*WORK INSTRUCTIONS*
Pictures stay out of the output. Return exactly the lines below from the one with "Справа от радиста" down to the one with "The Newel Modular", both included, and nothing more.

[Opening DATA TO PROCESS section]

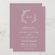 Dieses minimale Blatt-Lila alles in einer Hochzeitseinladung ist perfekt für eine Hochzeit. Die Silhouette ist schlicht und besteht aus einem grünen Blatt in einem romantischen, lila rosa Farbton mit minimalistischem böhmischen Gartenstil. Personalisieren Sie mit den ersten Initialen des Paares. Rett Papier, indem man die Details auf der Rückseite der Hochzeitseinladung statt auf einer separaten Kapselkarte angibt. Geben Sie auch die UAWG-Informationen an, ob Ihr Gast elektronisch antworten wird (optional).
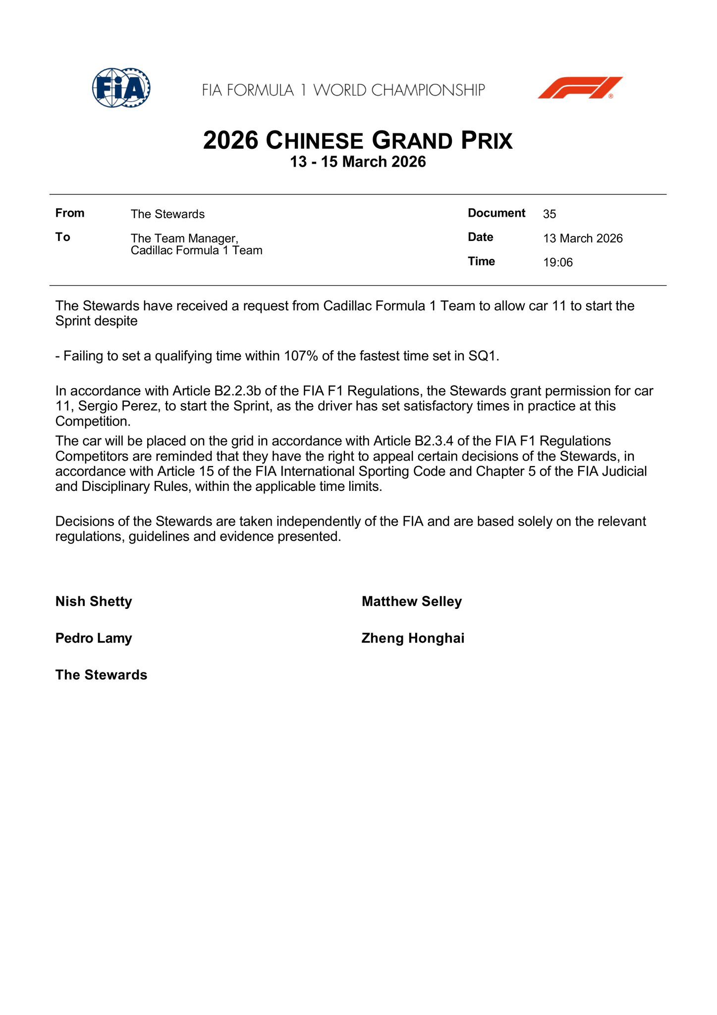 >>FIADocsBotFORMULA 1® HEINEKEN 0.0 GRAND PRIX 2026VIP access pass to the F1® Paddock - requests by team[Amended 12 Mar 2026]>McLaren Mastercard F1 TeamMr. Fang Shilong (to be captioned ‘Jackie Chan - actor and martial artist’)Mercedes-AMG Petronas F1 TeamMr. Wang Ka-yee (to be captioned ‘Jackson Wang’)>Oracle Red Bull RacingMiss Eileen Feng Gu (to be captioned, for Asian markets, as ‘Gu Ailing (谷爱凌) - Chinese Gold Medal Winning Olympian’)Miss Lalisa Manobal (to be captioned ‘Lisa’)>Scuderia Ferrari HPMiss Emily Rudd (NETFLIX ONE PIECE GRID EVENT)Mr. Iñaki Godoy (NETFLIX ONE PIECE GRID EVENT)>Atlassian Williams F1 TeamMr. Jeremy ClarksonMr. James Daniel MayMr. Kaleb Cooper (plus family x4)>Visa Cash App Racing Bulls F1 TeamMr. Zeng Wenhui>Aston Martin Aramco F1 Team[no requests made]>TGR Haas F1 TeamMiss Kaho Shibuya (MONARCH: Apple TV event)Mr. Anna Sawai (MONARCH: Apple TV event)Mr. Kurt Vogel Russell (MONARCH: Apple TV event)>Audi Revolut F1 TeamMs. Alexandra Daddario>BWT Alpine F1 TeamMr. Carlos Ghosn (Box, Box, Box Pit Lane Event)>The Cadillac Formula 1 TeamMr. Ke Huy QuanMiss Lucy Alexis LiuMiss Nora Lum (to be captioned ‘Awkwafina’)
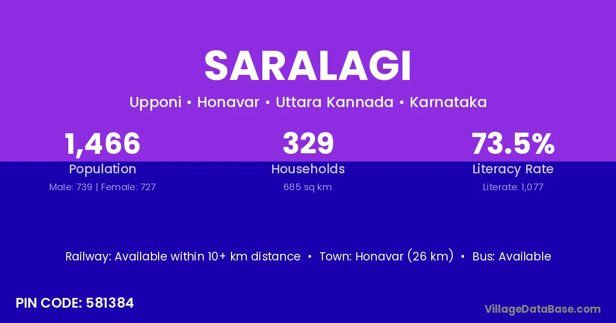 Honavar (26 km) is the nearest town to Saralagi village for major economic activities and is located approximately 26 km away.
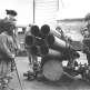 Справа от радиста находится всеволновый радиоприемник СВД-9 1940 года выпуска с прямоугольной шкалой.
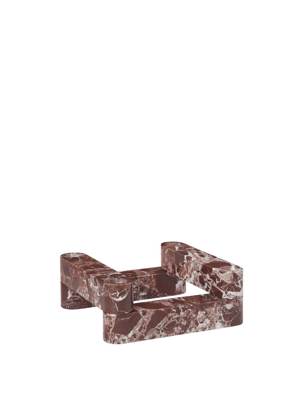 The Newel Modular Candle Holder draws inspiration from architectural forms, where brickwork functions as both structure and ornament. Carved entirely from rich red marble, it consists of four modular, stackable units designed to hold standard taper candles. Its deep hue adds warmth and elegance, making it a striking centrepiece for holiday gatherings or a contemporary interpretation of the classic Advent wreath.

[Closing DATA TO PROCESS section]
[Opening DATA TO PROCESS section]

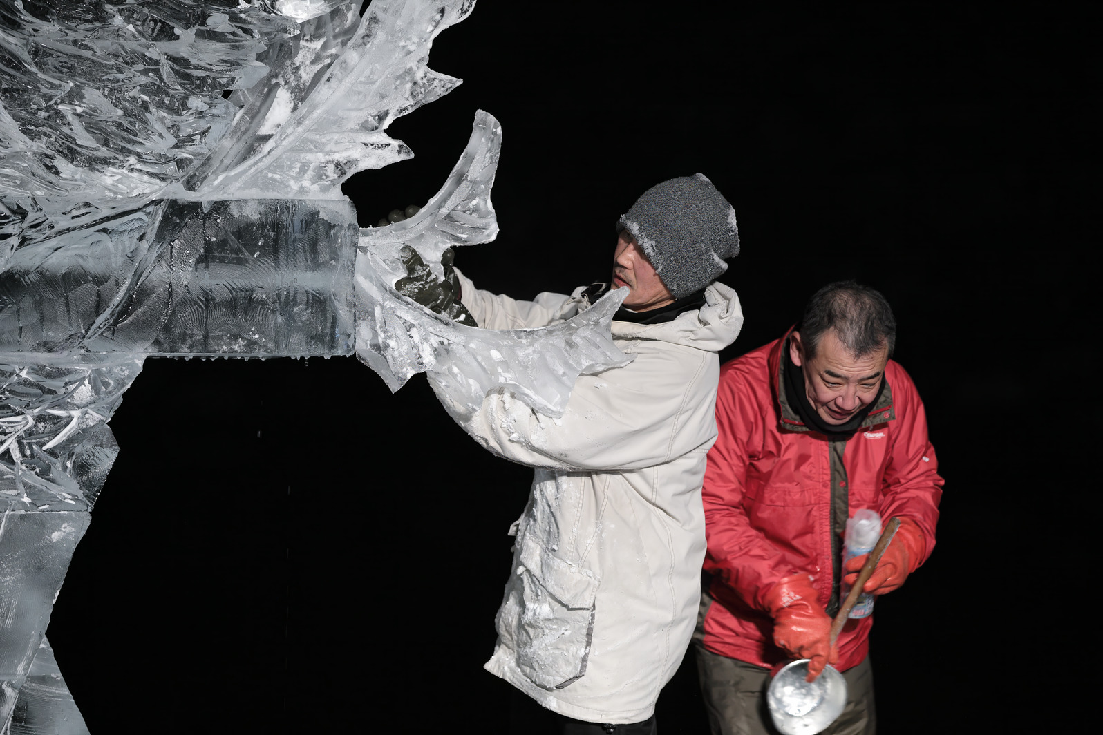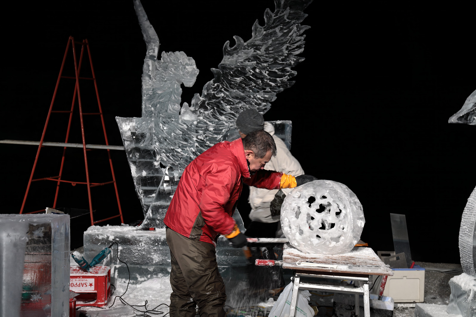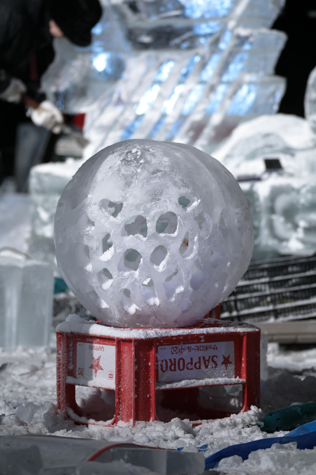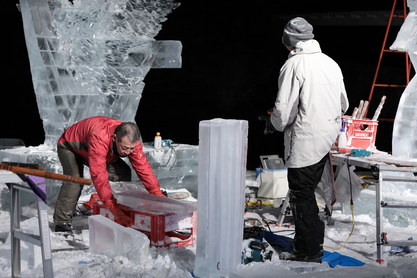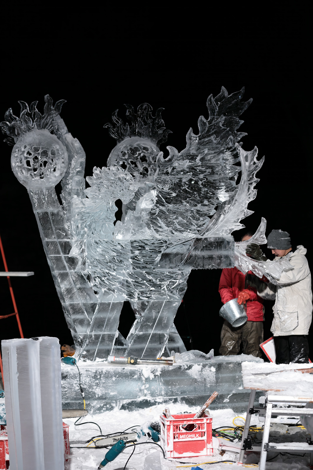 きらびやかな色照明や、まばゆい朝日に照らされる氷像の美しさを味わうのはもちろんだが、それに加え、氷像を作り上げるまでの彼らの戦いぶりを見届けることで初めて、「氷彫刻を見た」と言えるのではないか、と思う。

[Closing DATA TO PROCESS section]

*RESPONSE TO THIS EXERCISE*
 Справа от радиста находится всеволновый радиоприемник СВД-9 1940 года выпуска с прямоугольной шкалой.
 The Newel Modular Candle Holder draws inspiration from architectural forms, where brickwork functions as both structure and ornament. Carved entirely from rich red marble, it consists of four modular, stackable units designed to hold standard taper candles. Its deep hue adds warmth and elegance, making it a striking centrepiece for holiday gatherings or a contemporary interpretation of the classic Advent wreath.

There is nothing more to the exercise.